Restaurant information
- Established: 1971
- Location: 3440 Wilshire Blvd, Koreatown, Los Angeles, Los Angeles, California, United States
- Coordinates: 34°3′41.7414″N 118°17′56.511″W﻿ / ﻿34.061594833°N 118.29903083°W
- Website: https://www.cafebrassmonkey.com/

= Cafe Brass Monkey =

Dive bar and restaurant in Koreatown, Los Angeles, CA

Cafe Brass Monkey, also known as the Brass Monkey, is a karaoke dive bar and restaurant in the Koreatown neighborhood of Los Angeles, California.

== Overview ==
Opened in 1971, the Brass Monkey is a ski lodge style dive bar, described by the Los Angeles Times as "arguably L.A.'s best feel-good karaoke bar." The bar is frequented by industry players and celebrities such as: Margaret Cho, Matt Damon, Ben Affleck, John Mayer, Manny Pacquiao, Ben Stiller and Courtney Cox. The Brass Monkey has been described as Seth McFarlane's hangout choice and karaoke spot to sing Frank Sinatra.
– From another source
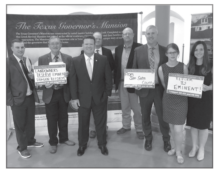
Members of Texas Farm Bureau from across the state to support efforts to reform the eminent domain process and protect private property rights.

The State of Texas gives extra weighted funding as an allotment to school districts for students who are engaged in Career and Technical Education programs, such as high school agriculture classes. This funding finances CTE classes and helps them receive additional materials to further students' education in these fields. Historically, the State Board of Education has ruled that 58% of that allotment must go to direct costs for CTE programs and 42% can go to indirect costs. This session, House Bill 3, the major school finance reform bill, would have removed the existing language in statute that required a certain percentage go toward direct costs. In reviewing the details of HB 3, I recognized that removing this language would not ensure the historic minimum funding for these invaluable programs. I authored an amendment that was adopted and will continue to dedicate these funds for CTE programs.

As of November 2022, owner Alan Spear has run the Brass Monkey for more than three decades, and was regarded as "L.A. karaoke royalty" by the Los Angeles Times.

== Reception ==
The Brass Monkey has featured on several lists from publications like Los Angeles Magazine's "The 5 Coolest Karaoke Bars in L.A." (2022), LA Weekly's "The 10 Best Bars in Los Angeles" (2017), and Thrillist's "10 best karaoke bars in LA" (2014), including being described by the LA Times as a "Feel-Good-Favorite."